– Это не тайны.
– Не тайны?
– Нет, Измаил. Это мое горе.
– Какое горе? Прости, я не пойму…
– Да, горе.
– Так расскажи мне, что за горе.
Он подвел ее к скамье под фонарем, как две капли воды похожим на фонарь из еще незнакомой ему песни[18]. Усевшись на скамью, они проводили взглядом громко тарахтящий мотоцикл.

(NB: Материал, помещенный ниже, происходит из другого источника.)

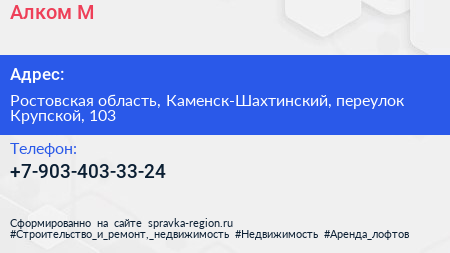 Алком-М по адресу Ростовская область, Каменск-Шахтинский, переулок Крупской, 103 в дальнейшем Организация, размещена в следующих категориях: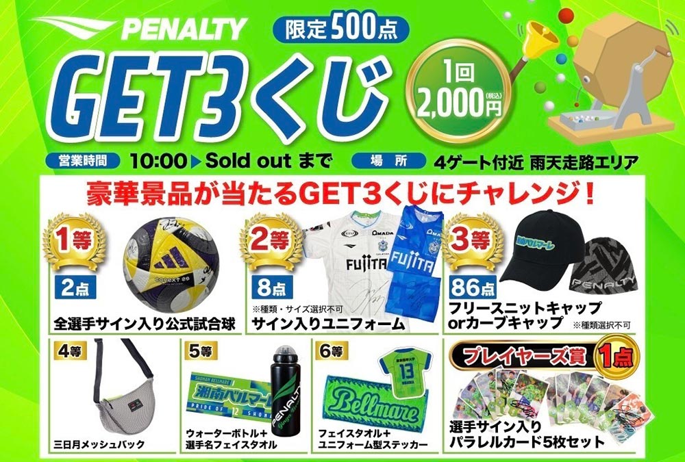 さらに「PENALTY GET3 SALE」に合わせて、選手直筆サイン入りユニフォームや公式試合球など、豪華景品が当たる「GET3くじ」も販売!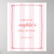 Accueillis avec élégance, ce panneau d'accueil au baby shower blanc, aux rayures pastel bleu doux et à la délicate couronne de jardin fleuri. Parfait pour donner le ton de votre événement, ce panneau magnifiquement conçu ajoute une touche douce et élégante à votre décor de douche. Personnalisé avec le nom de l’invité d’honneur et les détails de l’événement, c’est une façon charmante de saluer les proches et de créer une entrée parfaite. Que ce soit sur un chevalet, encadré ou propulsé sur une table, ce panneau est à la fois décoratif et mémorable, un joli souvenir pour après la célébration. Détails : Disponible en plusieurs tailles Imprimé sur papier d’affiche ou carton mousse de qualité (selon la sélection) Texte entièrement personnalisable Idéal pour les baby showers, fêtes de jardin ou évènements printaniers Ajoutez une touche magique à votre journée spéciale avec ce signe d’accueil floral rose qui est aussi doux que la fête elle-même !

Когда все стихло, Лео сказала, все эти годы меня не оставляет взгляд перепуганного ребенка, который обнимает медсестру, как родную, прося защиты от того, что он понять не хочет или не способен; ему не под силу смириться с тем, что, может быть, он больше не проснется, и жутко не проснуться, мама, мне страшно, вдруг я не проснусь никогда.
– Не надо так думать.
– А где я буду, если не проснусь?
– Не бойся, ты проснешься.
– Откуда ты знаешь?
– Мне сказали врачи, а у них большой опыт.
– А вдруг они ошиблись?
– Не может такого быть. Ты обязательно проснешься, ведь я буду тебя ждать.
– А если не проснусь, я улечу на небо?
Мать на мгновение замешкалась; это мальчик сразу почувствовал. Вопреки всем своим убеждениям она ответила, конечно на небо, малыш.

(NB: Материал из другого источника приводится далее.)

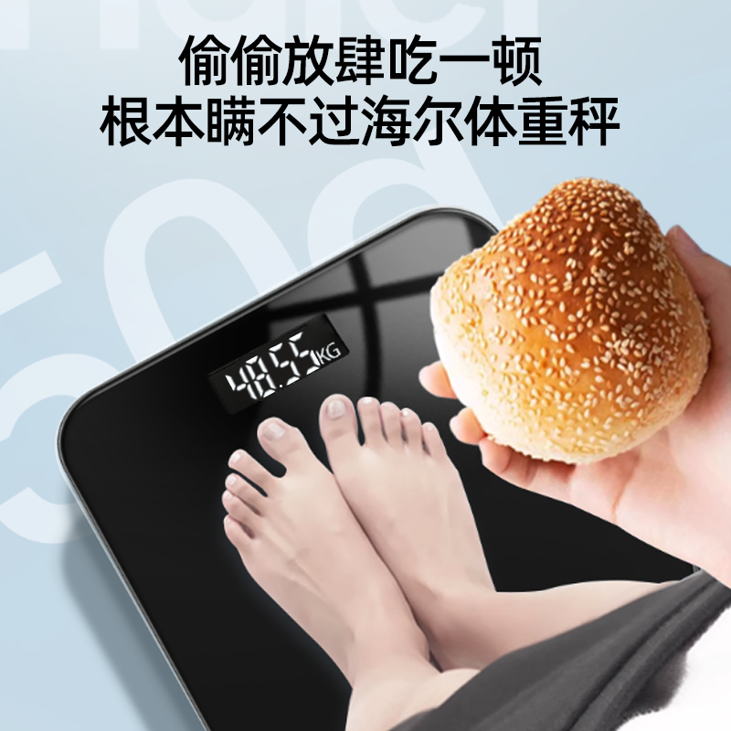 海尔体重秤家用高精准度小型电子秤充电池款人体脂减肥专用称重计

– Я не хочу на небо; я хочу остаться здесь.
– Ты туда не… Постой, знаешь что?
Мать сделала вид, что смотрит на часы; часов не было: все вещи остались у входа в это преддверье камеры пыток; и сказала, через часок ты проснешься как ни в чем не бывало. Все как рукой снимет: я об этом позабочусь.
– А сколько это, часок?
– До Тоны[19] и обратно.
– Но ведь сейчас ты в Тону не поедешь, правда?

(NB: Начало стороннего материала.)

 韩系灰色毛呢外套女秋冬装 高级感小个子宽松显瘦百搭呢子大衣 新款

– Не поеду. Я тут подожду.
– А папа почему не здесь?
– Он еще неважно себя чувствует. Но обнимает тебя крепко-крепко.
– Значит, папа не умер?
– Что за глупости.
– А медсестры сказали, что…
– Ну их ко всем чертям.
– Ты прямо как папа ругаешься, – чуть-чуть повеселел ребенок.
– В больнице медсестры говорят между собой о пациентах, о болезнях: наверное, ты что-то неправильно понял. Ну их ко всем чертям.
– Сеньора, вам пора…
– Да-да… – Она наклонилась к сыну и попыталась его поцеловать, но помешала маска.
– Сеньора…
– Не падай духом, малыш.
– А как же папа?
– Папа придет, когда проснешься.
– А что ты плачешь?
– Кто, я? Соринка в глаз попала.
– Сеньора…
– Да-да… – слишком резко, почти обиженно ответила она.
– Простите, но вам…
– Да слышу, слышу! – Она встала, бессмысленно пытаясь улыбнуться сквозь хирургическую маску. Подмигнула сыну и сказала, ты самый храбрый мальчик на свете. Когда проснешься, мы с тобой сфотографируемся.
– Вместе с папой.
– Да, вместе с папой. Пока, мой хороший.
И послала ему воздушный поцелуй. Тут ребенок впервые улыбнулся, словно поймал на лету поцелуй матери.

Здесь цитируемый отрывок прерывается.